The Birth, the Life and the Death of Christ (1906)
Director: Alice Guy
Although it may be considered short by today’s standards, for audiences of 1906 Alice Guy’s 33-minute retelling of Christ’s life would have been something of an epic – proving that, even since the earliest days of cinema, Christianity has provided fertile ground for ambitious extravaganzas.
Comprised of 25 predominantly fixed-tableaux vignettes, the film was inspired by the Bible illustrations of artist James Tissot. Each episode is beautifully staged in depth, coming across almost like an incarnated panel from a church fresco cycle, with the painterly nature of the decor and costumes lending the film a similar kind of reverent beauty. Such a comparison is strengthened by the fact that each scene is presented without any contextual information, beyond the intertitles naming the episodes. Seen today, the film’s age and simplicity lend it a genuine sense of pious grace.

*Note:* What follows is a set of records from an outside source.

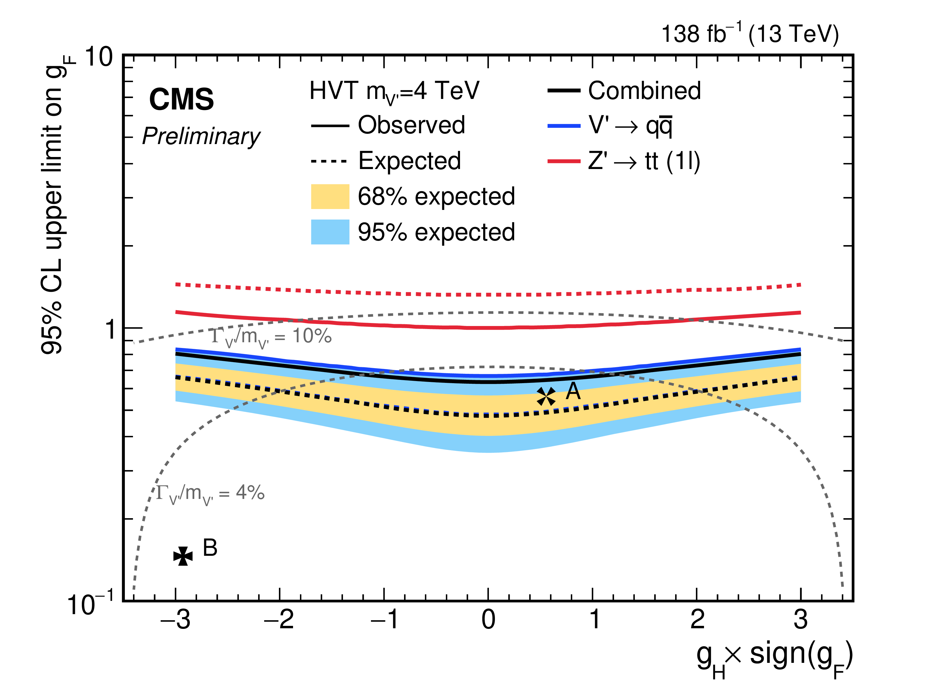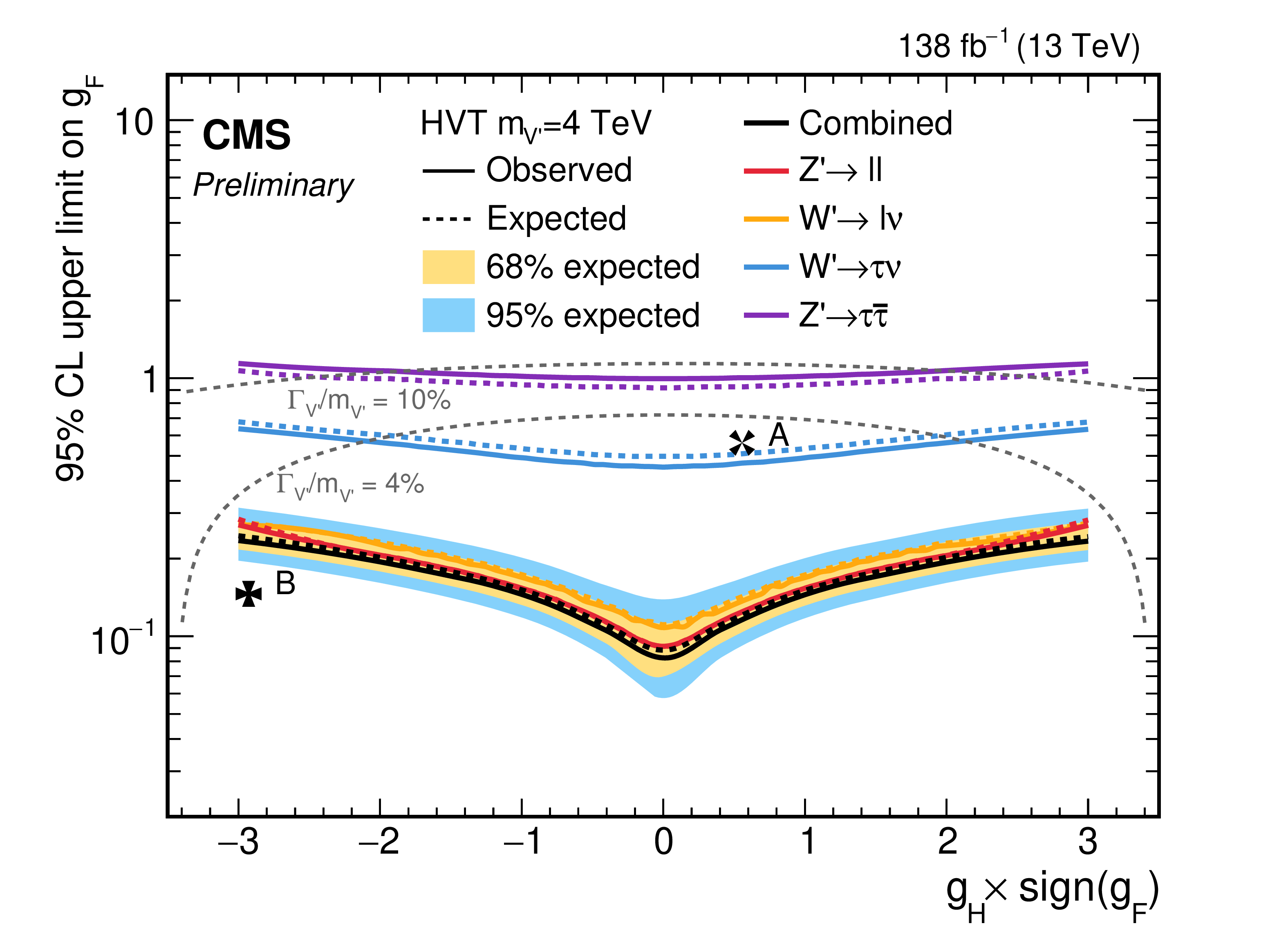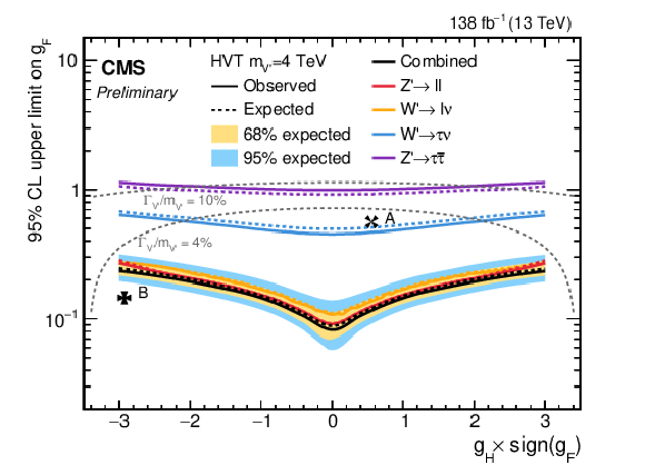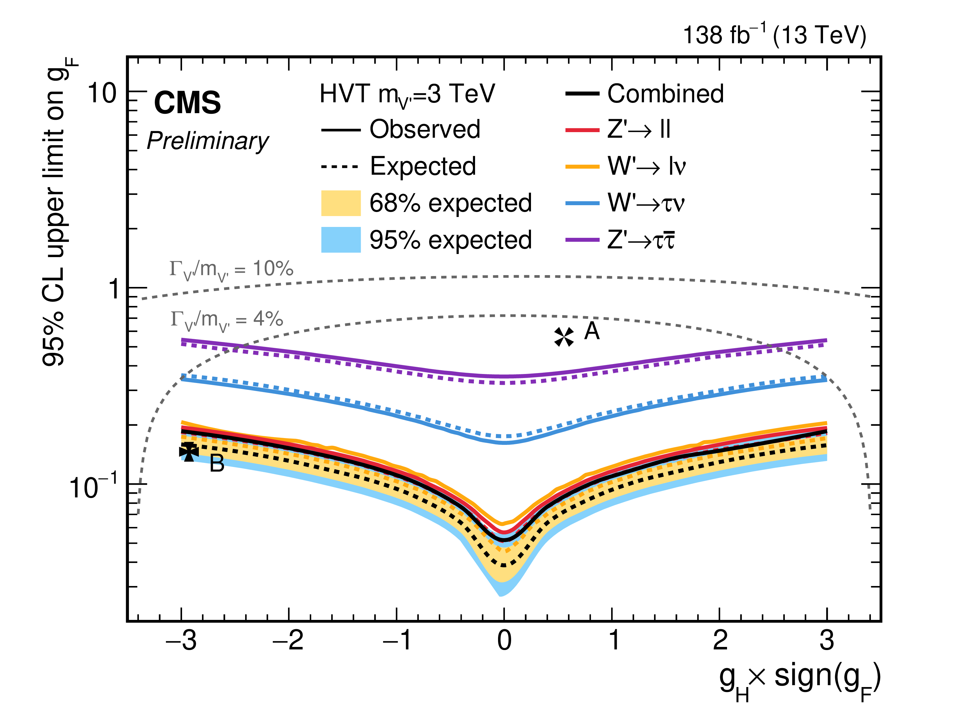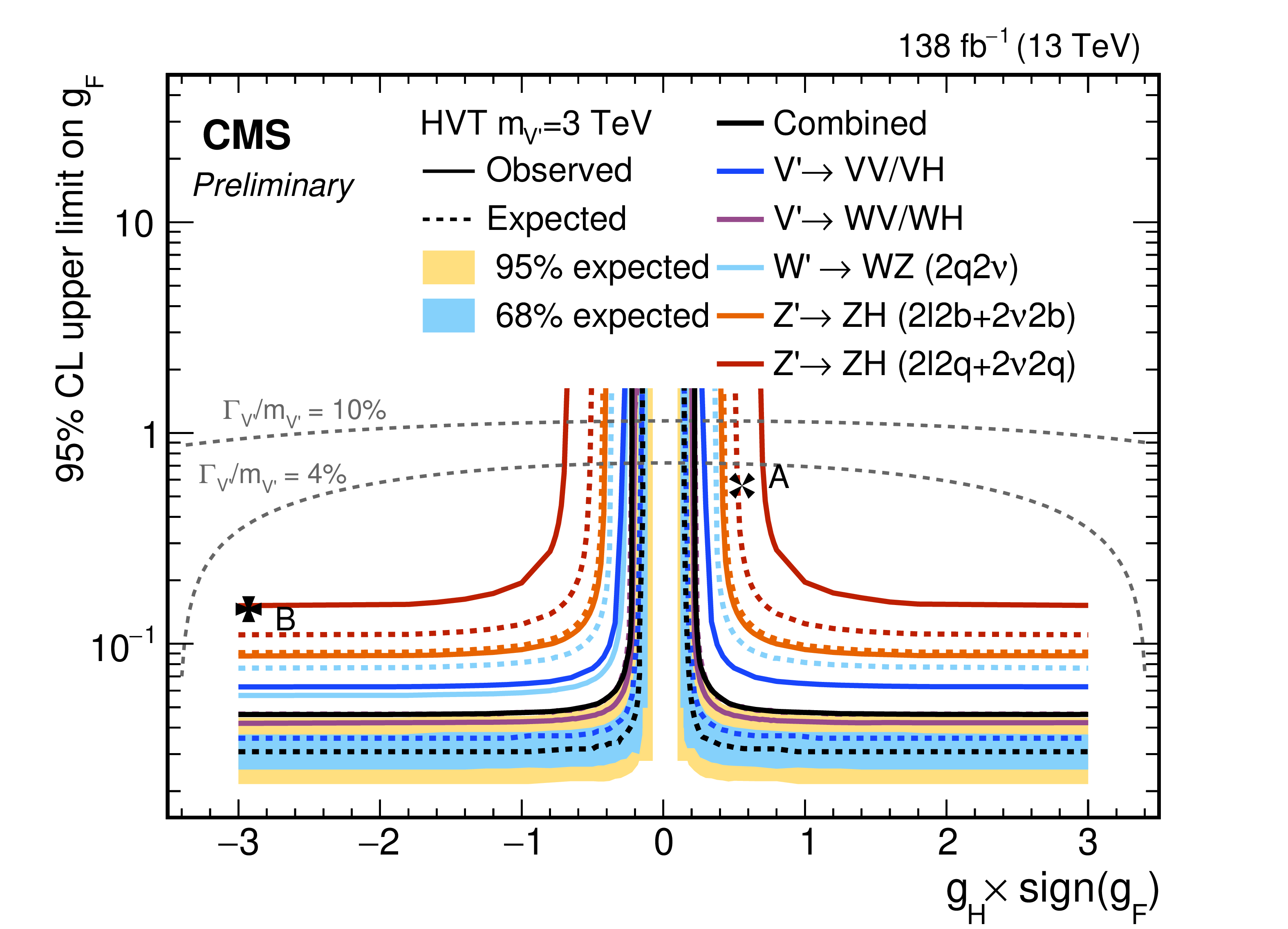 Expected and observed 95% CL upper limits on the coupling parameter $ g_{\mathrm{F}} $ as a function of $ g_{\mathrm{H}} $, under the assumption $ g_{\mathrm{V}} = $ 1. The combined results from all channels are shown for resonance masses of 3 TeV (left) and 4 TeV (right). The results from the individual channels are also shown. The gray dotted lines denote coupling values above which the relative width of the resonance, $ \Gamma_{\mathrm{V}'}/m_{\mathrm{V}'} $, exceeds 4 and 10%. The couplings corresponding to the HVT models A and B are indicated by cross markers. |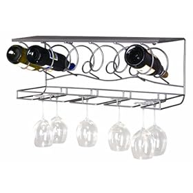 Oenophilia Wine Bar Rack: Kitchen & Dining. This rack holds 8 stems and 6 standard size wine bottles, and the shelf can be used for additional bottles, glassware or decorative items. Wine bars have always been favorite gathering places for old friends, and this Oenophilia Wine Bar will be no different for your kitchen or home bar. This wine and stemware rack features a contemporary design in metal, with a solid metal shelf across the top. Mounts on wall.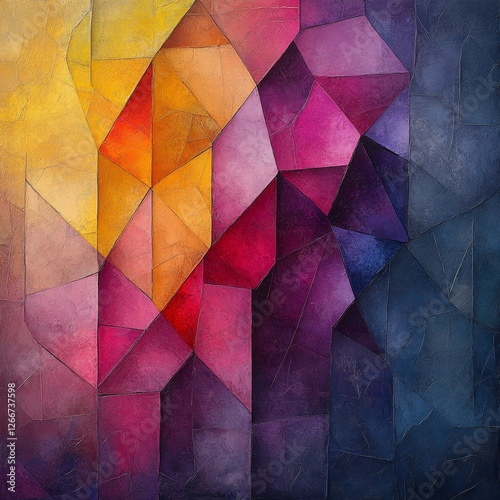 Abstract Geometric Colorful Background with Vivid Triangular Shapes in Gradient Shades of Yellow, Orange, Red, Purple, and Blue for Artistic Use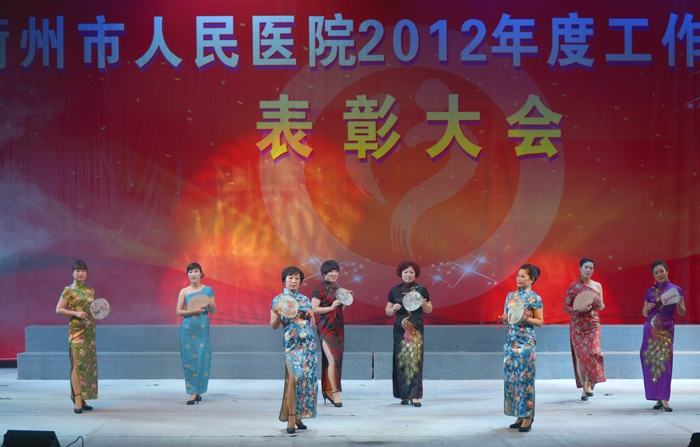 ??? 接下來,后勤片的合唱《回娘家》帶大家重溫經(jīng)典老歌,外科片幽默風(fēng)趣的小品《衢醫(yī)好聲音》,護(hù)士長們古典優(yōu)雅的《旗袍秀》,更是把晚會(huì)推向了高潮。離退休員工的《菊花臺(tái)》、新員工的《斗牛舞》和衢醫(yī)班的《拉丁健美操》共同演義我們醫(yī)院的昨天、今天和明天。院葫蘆絲俱樂部獻(xiàn)上的葫蘆絲合奏《映山紅》,是新穎而又獨(dú)特的節(jié)目。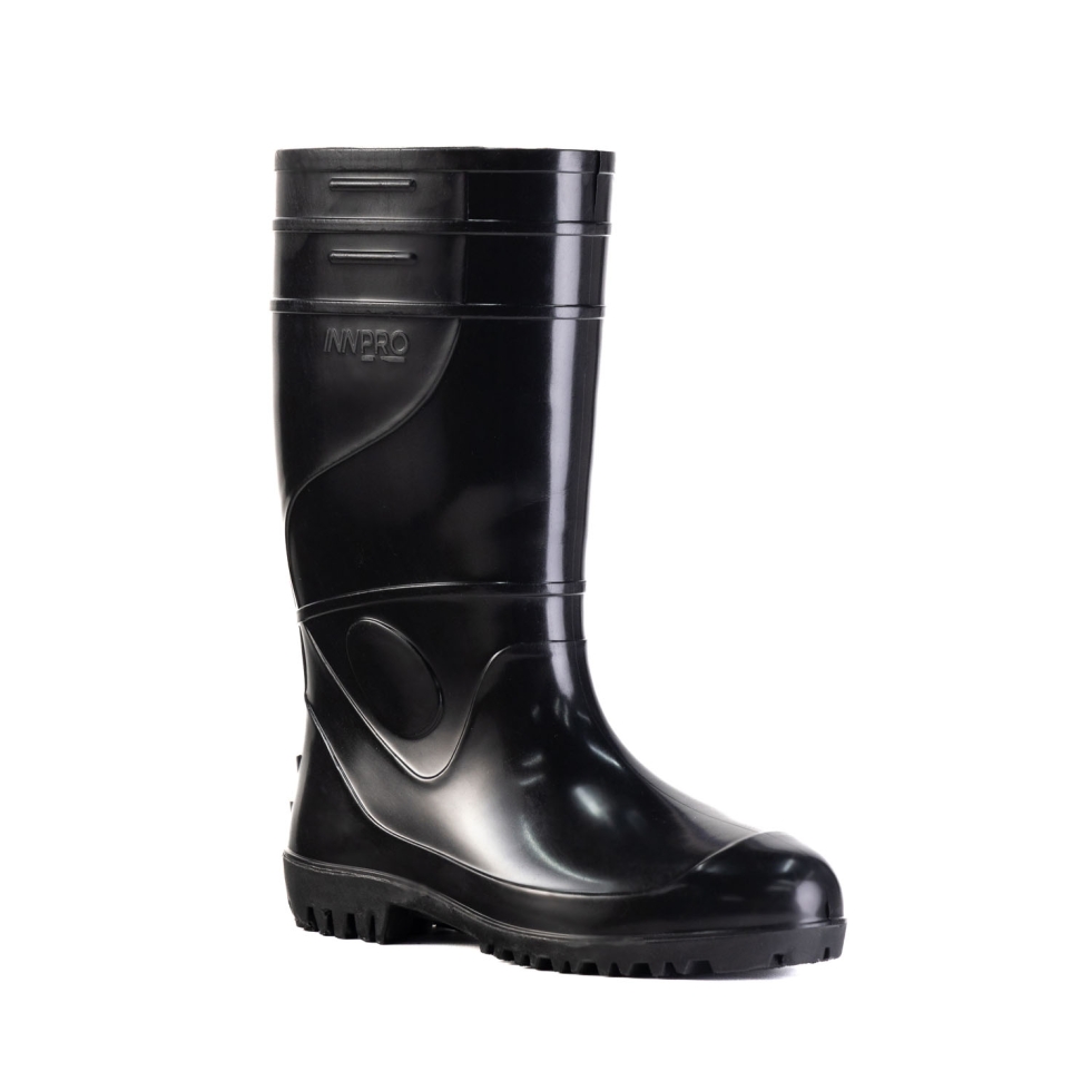 Bota de Pvc Work Preta Sola Amarela Cano Extra Curto

The Passion of Joan of Arc (1928)
Director: Carl Theodor Dreyer
Justly famous for its sustained use of close-ups, Carl Theodor Dreyer’s film about the Maid of Orléans avoids the action spectacle of Joan’s military campaigns in favour of focusing on her trial and execution. Basing his film upon the transcripts of Joan’s real trial, Dreyer – always the most humanist of directors – presents Joan as a persecuted young woman struggling to survive against the constant assaults inflicted by her devious persecutors.
Indeed, every aspect of the film – from the penetrating close shots to the stylised set design to the use of camera movement and framing – seems to conspire against Joan and evokes audience identification. But Dreyer’s abstract use of film grammar and sparse decor also work to take the focus away from the physical world and point it instead towards Joan’s spiritual interior, rendering the piece, in Dreyer’s words, “a hymn to the triumph of the soul over life”.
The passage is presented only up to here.